Show that the YASRA analyzed in Example 2.2.10 and Example 2.3.12 is linearly convergent and find \(\lambda\text{.}\)
Solution.
Since we used Taylor’s Series to find this algorithm, we will use the Taylor Remainder Theorem (Theorem 1.6.4) to find an error bound.
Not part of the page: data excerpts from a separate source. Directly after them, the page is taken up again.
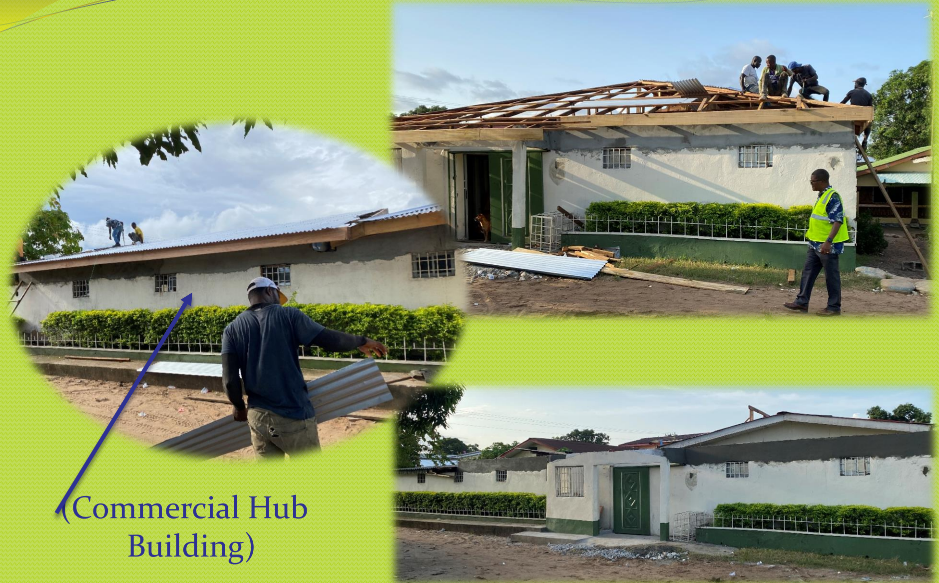
(Commercial Hub Building)
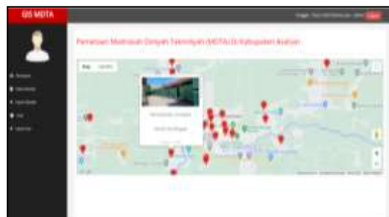
Image 6. Display of the Main Admin Page

The admin main page display can be used if the admin successfully logs in then it will enter the main admin page view in Image 6.
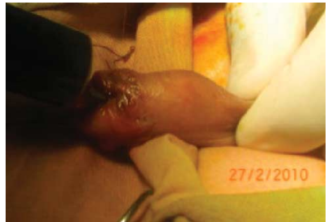
Injection of betadine to demonstrate urethrocutaneous fistula.
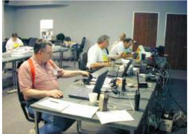
HF, VHF, and UHF was used for communications
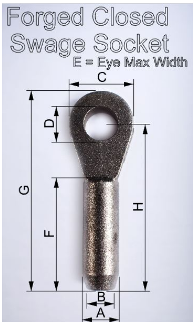
Forged Closed swage socket
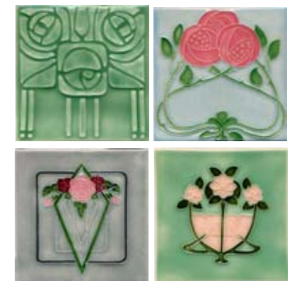
Designs from Porteous Tiles.

artdeco.org.nz The Art Deco Society Auckland has put together wonderful information on 1920s-50s architecture, art and style. >
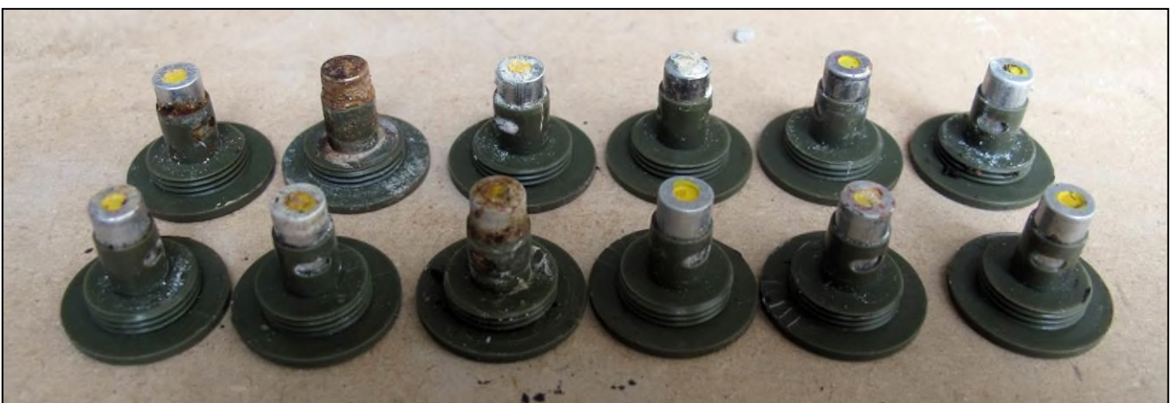
Detonators from the SB-81 mines, some of which show signs of deterioration

Most detonators appeared to be in good condition; however, some had white crusting (probably aluminium oxide from the detonator capsule) while others had a brown gelatinous exudation from the stab receptor.
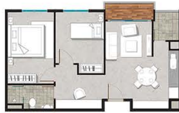
No. 02 & 08 - 2 Bedroom Semi-gross : 76.71 sqm
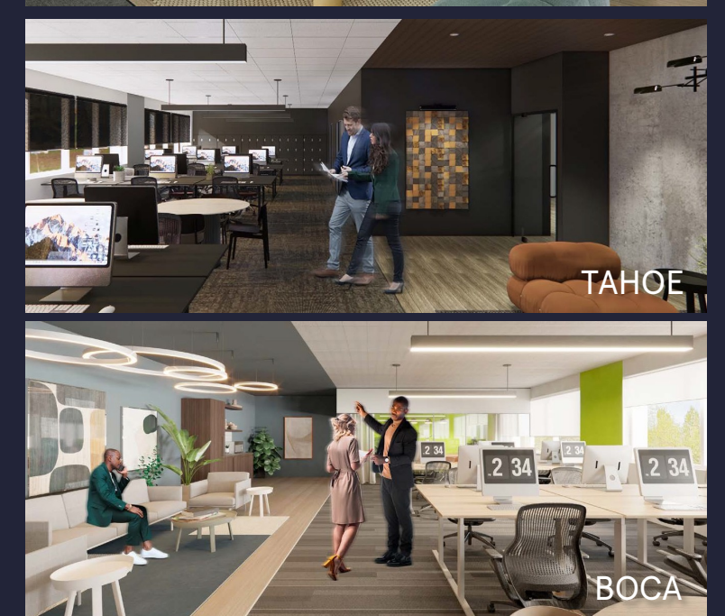
*Indicative of the look and feel (not the actual suite)
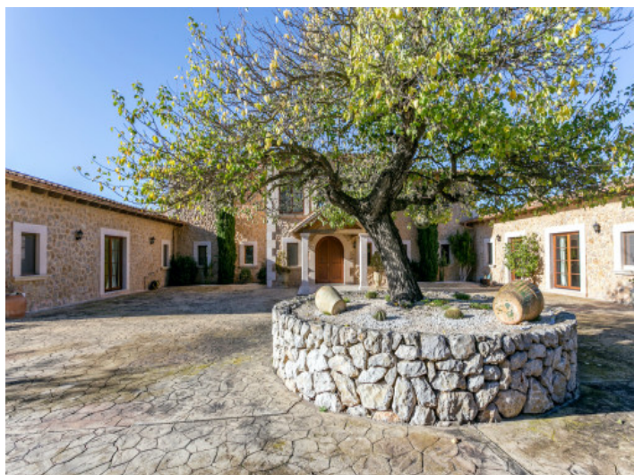
View of the beautiful patio
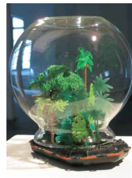
MODELS OF ARCHS 2008
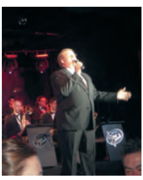
Delegates enjoyed a Gala Dinner at the casino with cabaret
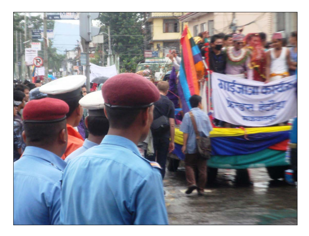
Figure 8: Police watching the LGBTI march in Kathmandu 2010

because inside every police there is a person, so sometimes personal attitudes can come up". In light of performativity theory, the attempts of individual police officers and the public to constrain and police sexual and gendered others can be understood as their way of performing their own heterosexuality.
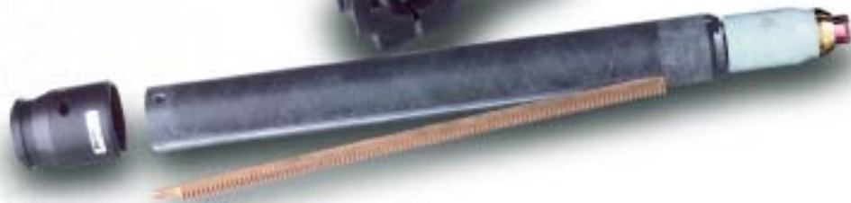
Detachable 32 Pitch Gear Rack
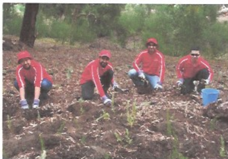
Top: Woodside employees creating woodland – State NRM Project. Thank you to Volunteering WA for organizing the event.
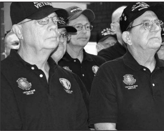
Nearly two dozen Vietnam Veterans gathered for the unveiling of the display on Saturday – many tears were shed that morning.
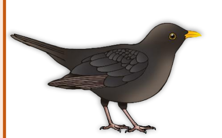
Bird e.g. Blackbird
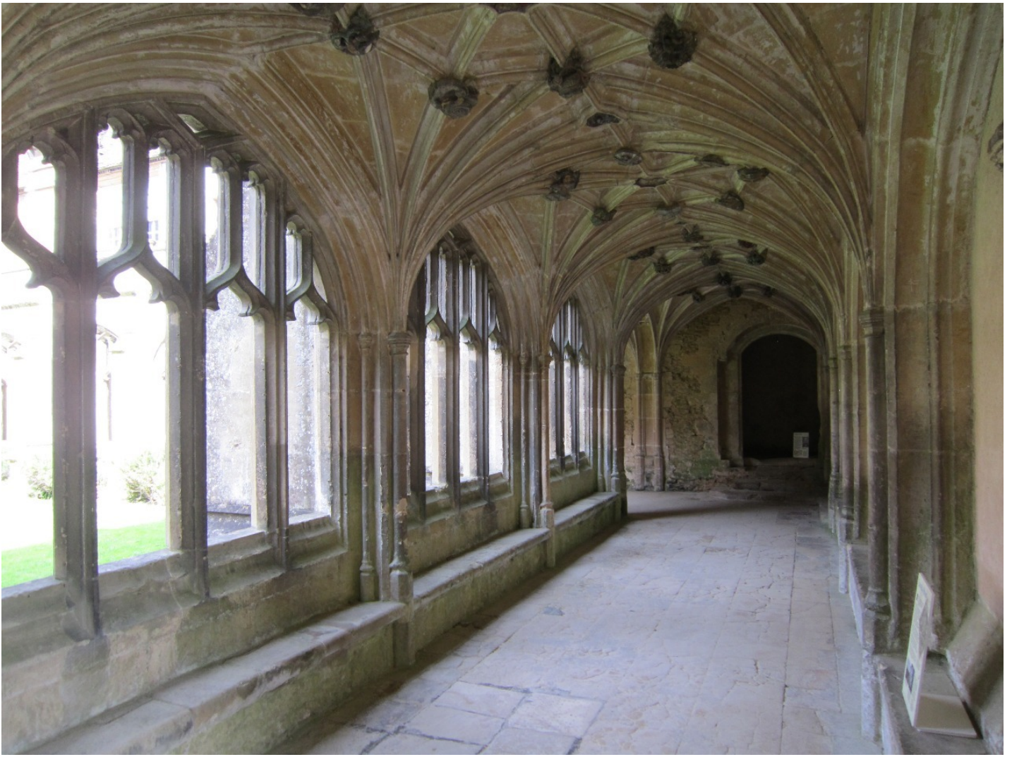
Inside Lacock Abbey cloister

Harry, Ron and Hermione walked along here in the first Harry Potter movie.
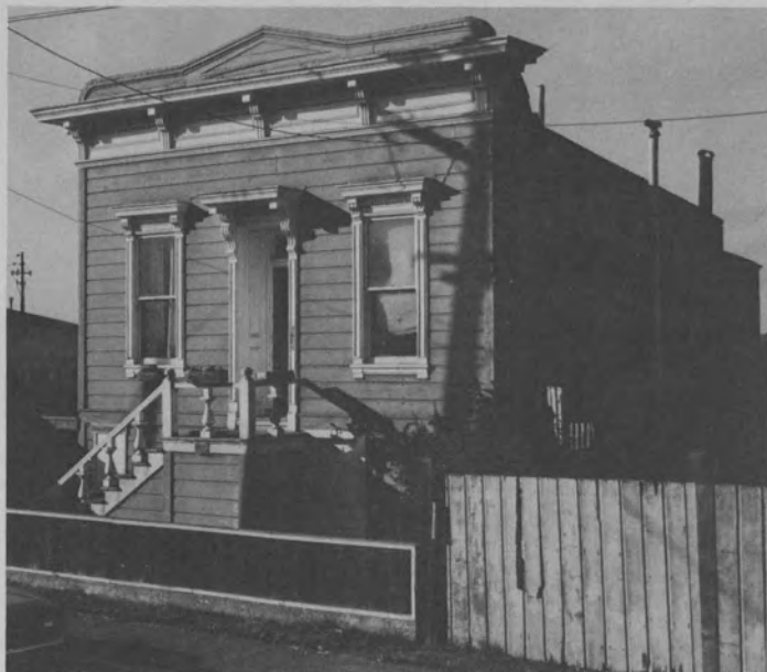
Typical working class Victorian in Ocean View.

The coming of the West Berkeley Station in 1876 and incorporation with the college town of Berkeley in 1878 drew many workers who settled in West Berkeley. From the house-building boom that took place from 1878 to 1893, we have just a few cherished Victorian remnants. The struggle to prevent the wasting of West Berkeley came to a head recently with two incidents. A
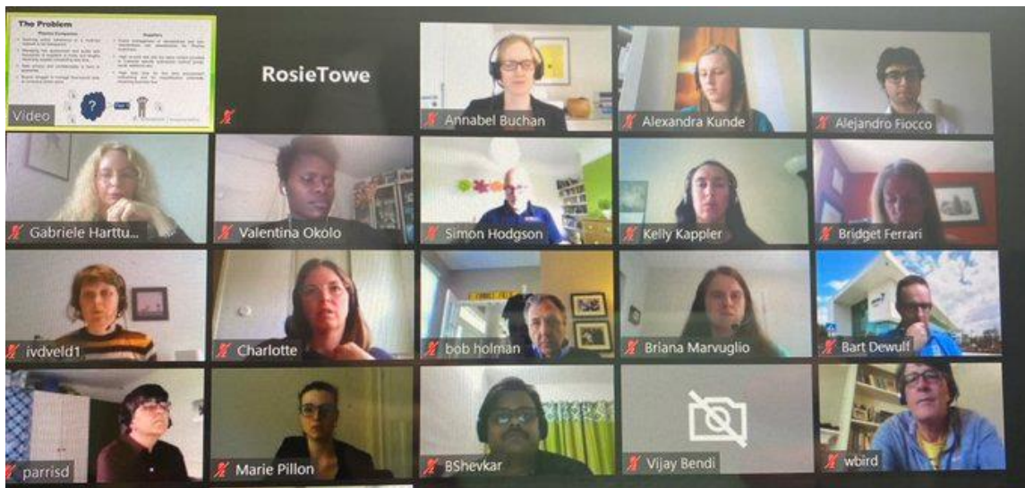
Virtual Spring Meeting, 13 May 2020

PSCI Chair and Global Quality Audit - Hub Director AsiaPacific at AstraZeneca
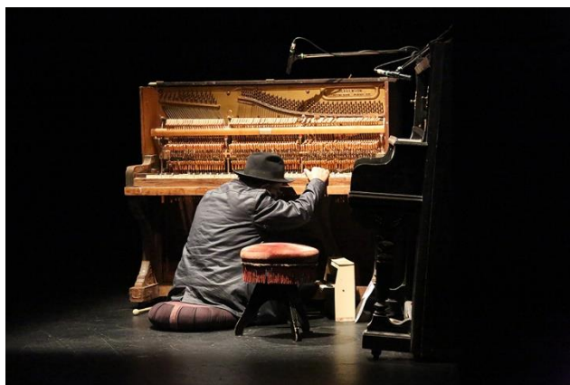
Fig. 2: Ross Bolleter performing Quarry Music ; PICA (26 Oct 2017); photo Bohdan Warchomij; image courtesy of Tura New Music.

Ross Bolleter is a West Australian legend who plays “ruined” or severely damaged pianos. At the Perth Institute of Contemporary Art, Bolleter gave what was promoted as his “final public performance,” although in his artist talk shortly before he suggested some ambiguity regarding what constitutes either a “performance” or a “public” one. 8 It was perhaps not surprising then that his performance of Quarry Music reflected a similar ambivalence.
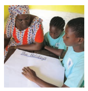
Ask the pupils to help you write a recount called 'The holidays'.
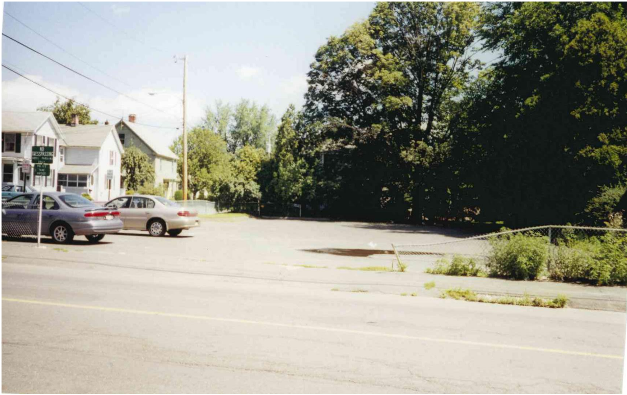
101 Meadow Street parking lot prior to the Domus Incorporated renovation
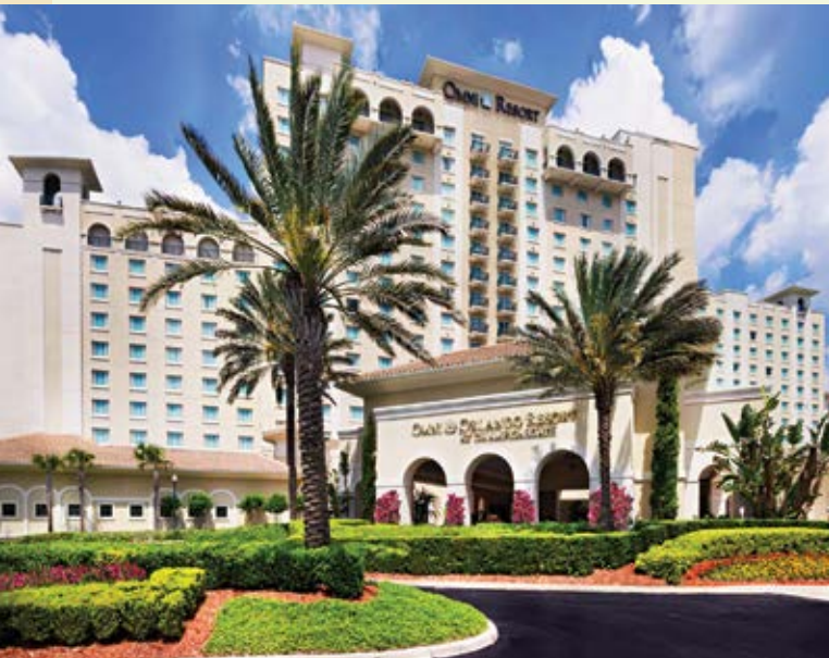
Omni Orlando Resort at ChampionsGate.

Other properties are staying in step with major overhauls. In December, the Starwood-managed Walt Disney World Swan and Dolphin Hotel completed a $5 million renovation of 329,000 sf meeting space, a refresh designed to update carpet and paint along with installing new technology for the convention facilities. The meeting space refurbishments are part of the iconic resort’s multiyear $140 million redesign, which includes an up-
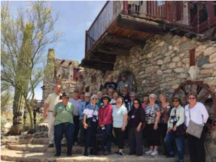
We simply had to include a stop at the "The Mystery House" in Arizona
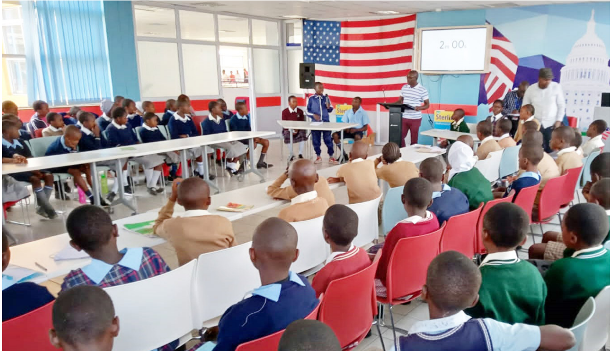
Different schools participating in the reading competition at the Nakuru Library

Nakuru in partnership with “So They Can” which is a non-profit organization, conducted a competition programme aimed at improving the spelling, vocabulary, and grammar abilities of students from six local schools. The competition, which took place on 16th February 2023, was designed to provide an engaging and interactive learning experience for students while also boosting their confidence and self-esteem.
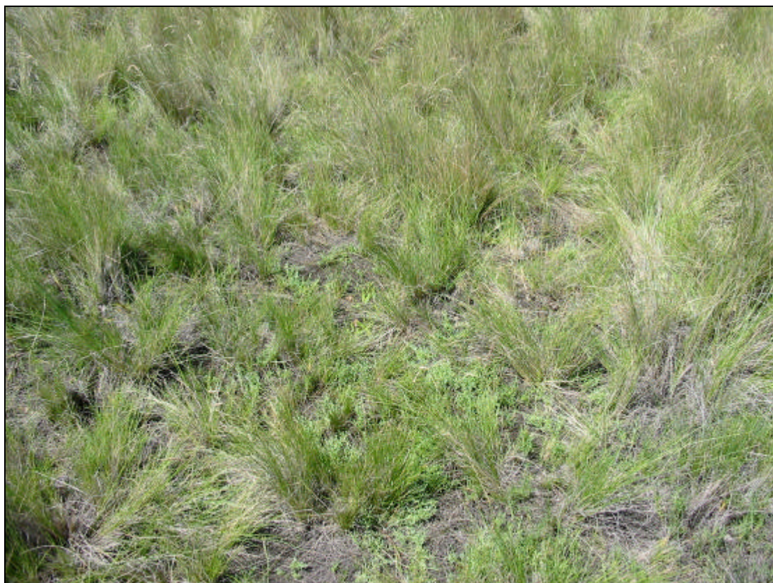
Figure 6: Brackish Grassland (EVC 934).

Let \([a,b]=[64,65]\) and \(c=65\text{,}\) then \(e_{n}=e_{n}(c)=|f(c)-P_{n}(c)|\) be the error of the approximation.
\begin{equation*}
\begin{aligned}e_{n} \amp = |f(c)-P_{n}(c)| \leq \max_{x \in [a,b]}|f^{(n+1)}(x)| \frac{|b-a|}{(n+1)!}\\ \amp = \max_{x \in [64,65]}|(-1)^{n+2}\frac{(2n-1)!!}{2^{n+1}}x^{-(2n+1)/2}| \frac{1}{(n+1)!}\end{aligned}
\end{equation*}
The function is decreasing, so the maximum occurs at the left endpoint, that is when \(x=64\text{.}\) For convenience we will call this \(c\text{.}\)
\begin{equation*}
= \frac{(2n-1)!! 64^{-(2n+1)/2}}{(n+1)! 2^{n+1}}= \frac{(2n-1)!! c^{-(2n+1)/2}}{(n+1)! 2^{n+1}}
\end{equation*}
and now taking the limit,
\begin{equation*}
\begin{aligned}\lim_{n \rightarrow \infty}\frac{e_{n+1}}{e_{n}} \amp = \lim_{n \rightarrow \infty}\frac{\frac{(2n+1)!! c^{-(2n+3)/2}}{2^{n+2}(n+2)!} }{\frac{(2n-1)!! c^{-(2n+1)/2}}{2^{n+1}(n+1)!} }\\ \amp = \lim_{n \rightarrow \infty}\frac{(2n+1)c^{-1}}{2(n+2)}= \frac{1}{c}\end{aligned}
\end{equation*}
So this gives \(\lambda=1/c\) and when we took \(c=64\text{,}\) this gives \(\lambda = 1/64 = 0.015625\text{,}\) close to the value found in Example 2.3.12.